Maybe it’s cool and I’m doing it “accordingly.” But the way I do conflict is more from the plot of the story, with a hat-tip to the Issue/Problem/Solution/ or Symptom/Response, referencing the signpost somehow. The PSR part clogs up my joints, like arthritis.

But these days I’m writing some short stories with the impetus of “getting this.” So seeing the craft of people who have an example would be a good motivation.

It’s one thing to create a scene about a woman fighting with her husband then goes on a run, etc. But when you have the STORY already it’s a different craft.

Okay, here’s the scene. (Short story, YA)
MC has to climb the face of a cliff, fight off a phoenix, and drop a gem into a cave. Also going on is concern for his sick mother back in camp and his girlfriend who has gone missing. IC is presently passed out, the mind-talking phoenix is taking over trying to stop him.

Obtaining (Rationalization, Commitment, Responsibility, Obligation). This is the commitment/responsibility scene SP4. Because…that is what has to happen right here right now.

[Coming from Rationalization-Mind (Knowledge)]
Commitment-Responsibility- Activity/Manipulation (Ability, Desire)
[Leading to Obligation-Situation (Thought)]

If he “wastes” his time climbing the mountain, worse things can happen to his abducted girlfriend in that lost time, so he should give in to the suggestions of the phoenix; The gem is controlling him, if he doesn’t take care of this first, he can’t be freed of its power and get back to help his mother and the others who are trapped.

I forgot to add, InstantScenes would be, all during this climb (since this is a short story)

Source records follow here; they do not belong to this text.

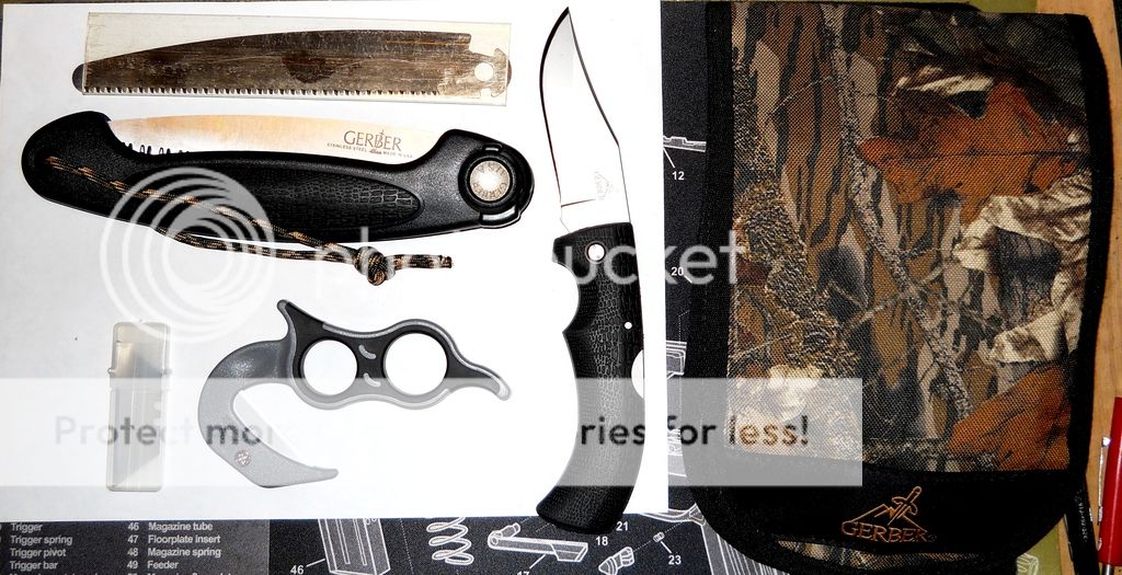 Gator Clip Point Folding Knife, E-Z Zip gut hook with replacement blades, Exchange-A-Blade saw with two blades, Mossy Oak Break-Up Sheath. Like new condition and the Gator knife is razor sharp.
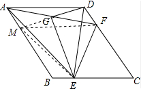 (2)延长DG交AB于M,连接ME、MF,先证明△AMG≌△FDG,得出AM=DF,DG=MG,证出MB=CF=EF,再证明△DFE≌△EBM,得出ME=DE,∠BME=∠DEF,∠BEM=∠EDF,证出△DEM是等边三角形,根据三角函数即可得出结论.
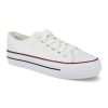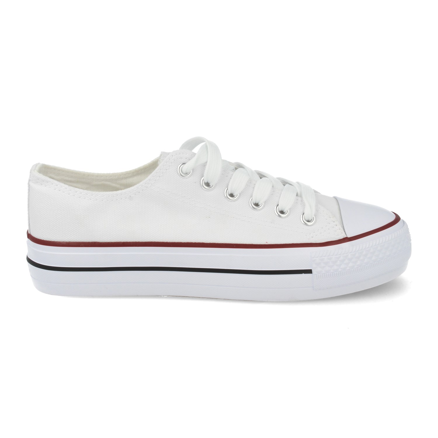 Zapatilla plana clásica de punta redonda con cordones. Ribete rojo en la suela.

Going Beyond The Point Of No Return (climbing)

  • Being Driven to Pursue Something-K
  • Believing in One’s Country-T
  • Spurning Someone-D
  • Eluding Someone-A

To
Taking Care of Someone’s Responsibilities (drop-off)

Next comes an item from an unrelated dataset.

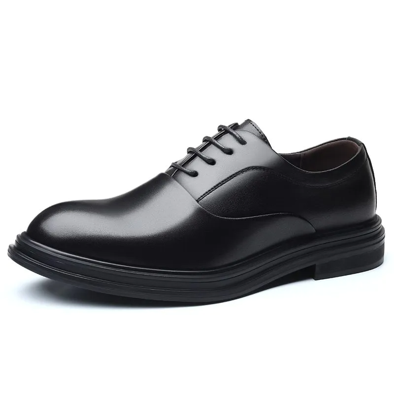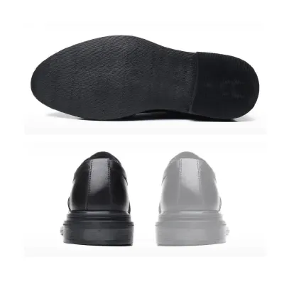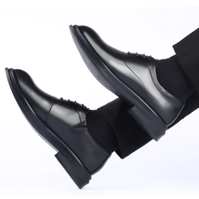 Color: The shoe comes in black, exuding a sleek and timeless appearance.Upper Material: Constructed from genuine C-o-w-h-i-d-e leather, ensuring durability and a premium texture.Outsole Material: The outsole is made of rubber, providing excellent grip and flexibility.Toe Shape: Designed with a round head toe shape, offering comfort and ample space.Closure Type: It features a lace-up closure, allowing for a customizable and secure fit.Pattern Type: The shoe showcases a solid pattern, maintaining a clean and versatile aesthetic.Features: It is breathable, keeping feet cool and dry; wear-resistant for long-lasting use; lightweight for effortless wear; and anti-slip for stability on various surfaces.
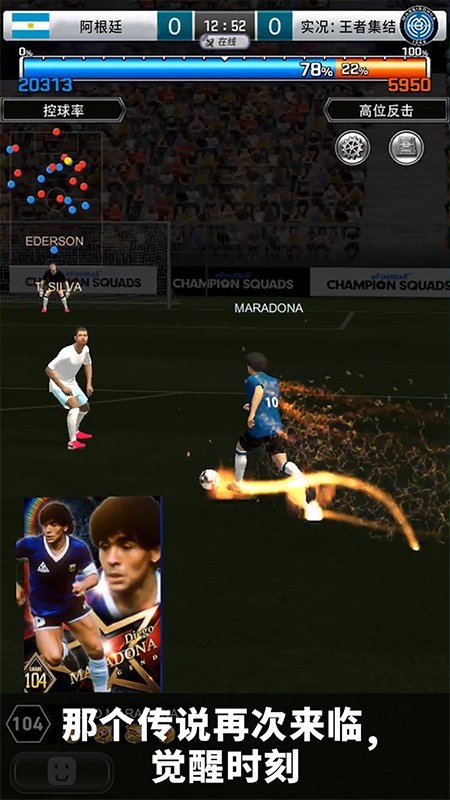 让玩家收集全球着名球员卡牌的足球游戏。《实况:王者集结》游戏可收集正版球员卡牌,尝试不同的阵型;除了创造最强阵容之外,也能通过强化球员体验培养新手球员的乐趣。另外,还能使用自己培养的球队,与其他玩家进行实时对战。您可在“实况”系列华丽的3d比赛中,使用贴图向对手传达入球的喜悦,以及失球的懊悔等情绪。之外,还能享受11人实时协力战的「11人战」模式,由11名玩家各自挑选出一名最强球员组成梦幻阵容。

  • Having One’s Actions Limited-A
  • Being Haunted by Someone’s Conscience-T
  • Tempting-D
  • Living Free of a Particular Group-K

That’s a lot of dialogue, internal and external. The way I see it, as the climax, it needs to be the tightest scene, so I want to make sure to have an inequality as clear and present.

Do you have a “people should _____ unless ______” statement that you were wanting to work with as well?

Which part of this scene makes you feel like Obtaining (or whichever appreciation) isn’t adequately subtext?

Cool, I’ll post it in the Subtext section of this forum. If you (or anyone else who wants to see) don’t have access let me know and I can PM you. I don’t have any problem sharing with whoever, but the issue with posting something in a public forum where no login is required is that it can be considered “previously published”.

This is pretty much what I do when writing a novel. Since I rarely know “where I am” in the PSR, I usually just look at the whole quad and try to see if my current scenes have the same feeling as that quad. Meanwhile the Problem, Symptom, Response etc. are SUPER useful.